Like the USDOD, intelligence agencies have given blockchain a much closer look since many of their agents, confidential informers and other assets around the world were outed (many were jailed or killed) by state actors who gained access to the Office of Personnel Management centralized files holding top-secret information about official and non-official employees in the U.S. State Department, CIA, FBI and National Security Agency (NSF). This was a major setback for our intelligence-gathering services vital to our national security. Distributed ledgers would have prevented or mitigated the damage done by this and other attacks on our nation’s security infrastructure.
Blockchain will greatly accelerate the use of IoT by capturing valuable amounts of data through billions of devices and connected networks of sensors worldwide. The challenge with many IoT systems today is that its centralized security architecture makes it vulnerable to a single point of failure. Blockchain, on the other hand, decentralizes decision making to a shared, consensus-based network. However, integrating physical objects with IoT and blockchain solutions will be a slow and deliberate process given the number of security protocols that need to be ironed out.

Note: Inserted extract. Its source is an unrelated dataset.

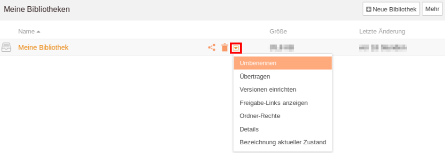 Klicken Sie links oben in der Rubrik Dateien auf Meine Bibliotheken. Fahren Sie mit der Maus auf die Bibliothek, die sie umbenennen möchten. Daraufhin erscheinen rechts vom Bibliotheksnamen drei Symbole, darunter ein nach unten gekehrtes Dreieck für Weitere Aktionen. Klicken Sie darauf und wählend sie den ersten Punkt Umbenennen aus. Jetzt können Sie der Bibliothek einen neuen Namen geben und Ihre Wahl mit dem Haken bestätigen oder die Umbenennung durch Anklicken des Kreuzes abbrechen.
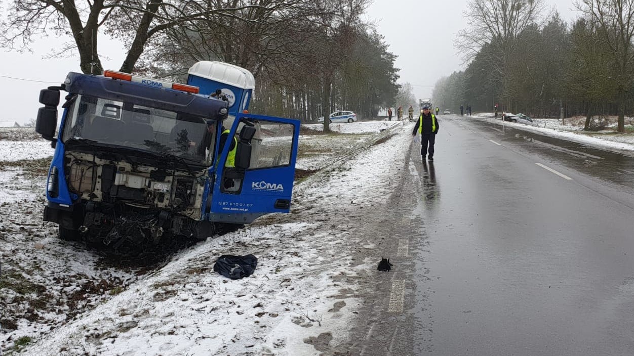 Ze wstępnych ustaleń policji wynika, że kierowca volvo prawdopodobnie nie dostosował prędkości do warunków, samochód wpadł w poślizg i zderzył się czołowo z jadącym w stronę Moniek - ciężarowym iveco. Obaj kierowcy trafili do szpitala. Byli trzeźwi.

With any innovative solution, seemingly insurmountable obstacles may initially stand in the way of their development, adoption and widescale implementation. Blockchain is no different despite all its openness, transparency and building of trust among entities that would otherwise have no confidence in collaborating with one another without a neutral third-party or central authority oversight. Institutional resistance to change, lack of agreed-upon global standards, scalability (requiring brute-force computational power to handle thousands of transactions at once) and the omnipresent threat of cyber intrusions are just some of the concerns voiced by blockchain critics. And, of course, there is the question of governance. Shifting control of information (and its inherent power) away from the incumbents (i.e., big tech, government authorities and status-quo bureaucrats) to non-hierarchical, peer-to-peer networks may make them cringe a bit. But if economic history is any guide, disruptive technologies like blockchain will inevitably continue their march forward once their significant benefits are fully realized by potential users around the world.